MiniMax Unveils China's First MoE Language Model: A Hundred Billion Parameters for Efficient Complex Task Processing

2024-01-17


On January 16, 2024, MiniMax launched the first MoE (Mixture of Experts) large language model abab6 in China. This model adopts the structure of MoE and has a massive number of parameters, which enables it to handle complex tasks and improve the training efficiency and data utilization of the model. In some more challenging and detailed scenarios, abab6 also shows significant improvements compared to abab5.5.

Last month, Wei Wei, the Vice President of MiniMax, revealed at a sub-forum of the Digital China Forum and Digital Development Forum that they are about to release the first domestic large-scale model based on the MoE architecture, which is comparable to OpenAI GPT-4. After half a month of partial customer testing and feedback, abab6 is officially launched.

What is MoE (Mixture of Experts)?

The Mixture of Experts is an integrated learning method that divides a problem into multiple sub-tasks and trains a group of experts for each sub-task. The parameters of the model are also divided into multiple "experts", and only a subset of experts participates in the calculation during each inference. In this way, abab6 has the advantage of large parameters, which enables it to handle complex tasks and improve the computational efficiency of the model, allowing more data to be trained in a unit of time.
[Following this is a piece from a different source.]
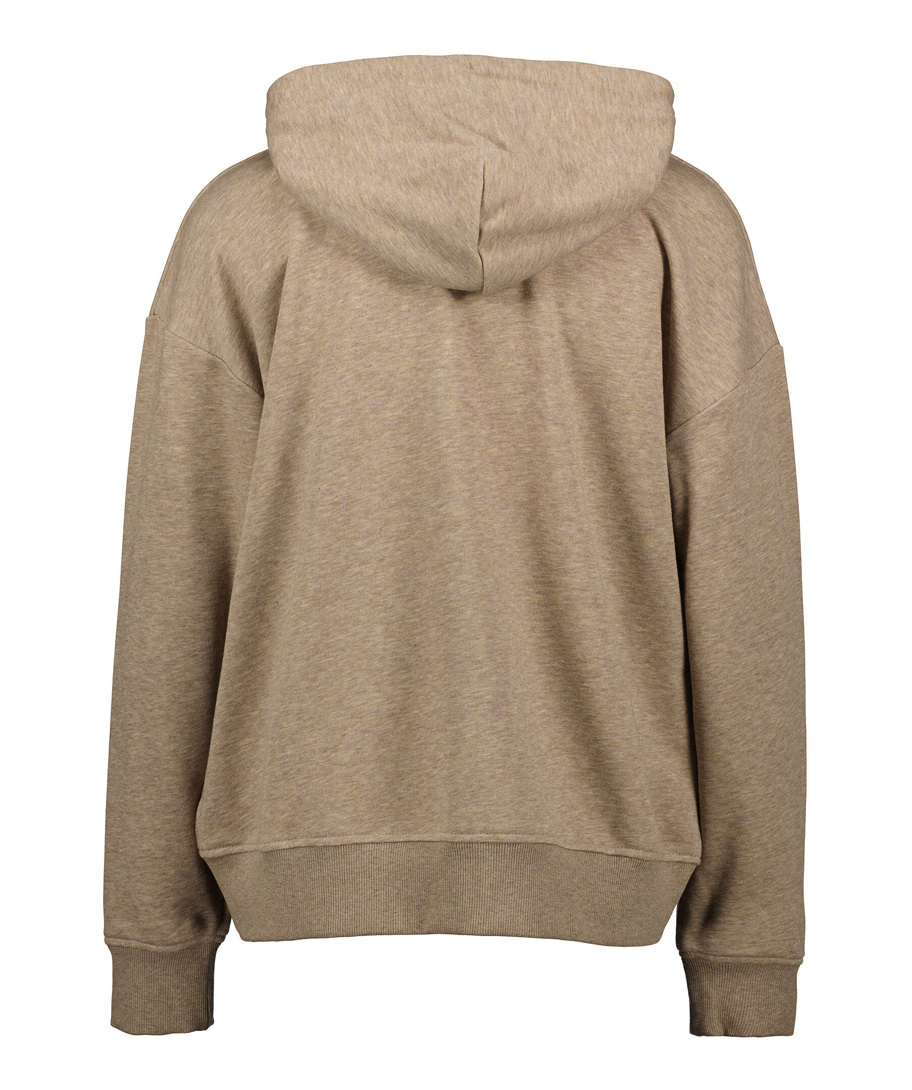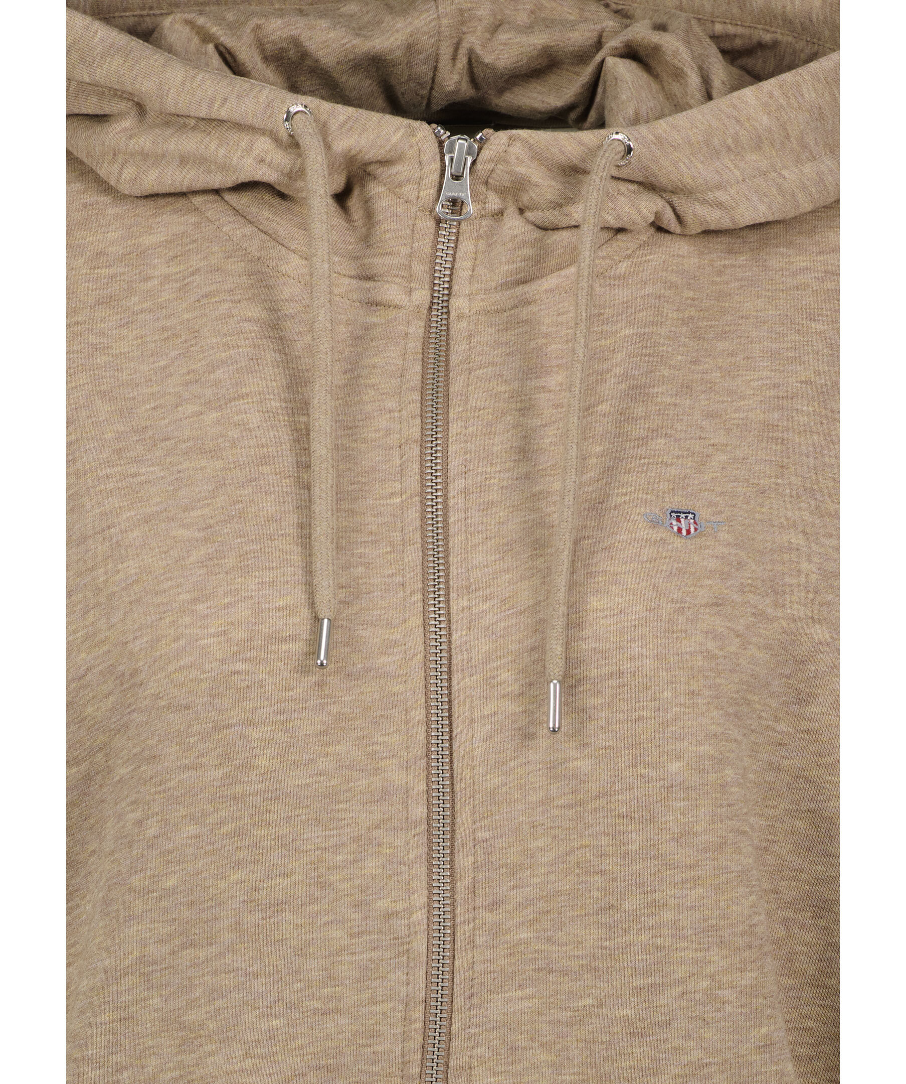 Beigemelerad hoodie från Gant. Tröjan har en liten sköldlogotyp broderad på bröstet som kombinerar deras preppy historia med modernt streetwear. Hoodien kommer i mjuk bomullsfleece med dragkedja och påsydd ficka fram, perfekt att använda året runt. Plagget har en relaxed fit. För en mer figurnära passform rekommenderar vi att du väljer en mindre storlek.

In April 2023, MiniMax released an open platform. In June 2023, they started developing the MoE (Mixture of Experts) model. Currently, most of the large language models in open source and academic projects do not adopt the MoE architecture. In order to train abab6, MiniMax independently developed an efficient MoE training and inference framework, and created some training techniques for MoE models. So far, abab6 is the first domestic MoE large language model with over 100 billion parameters.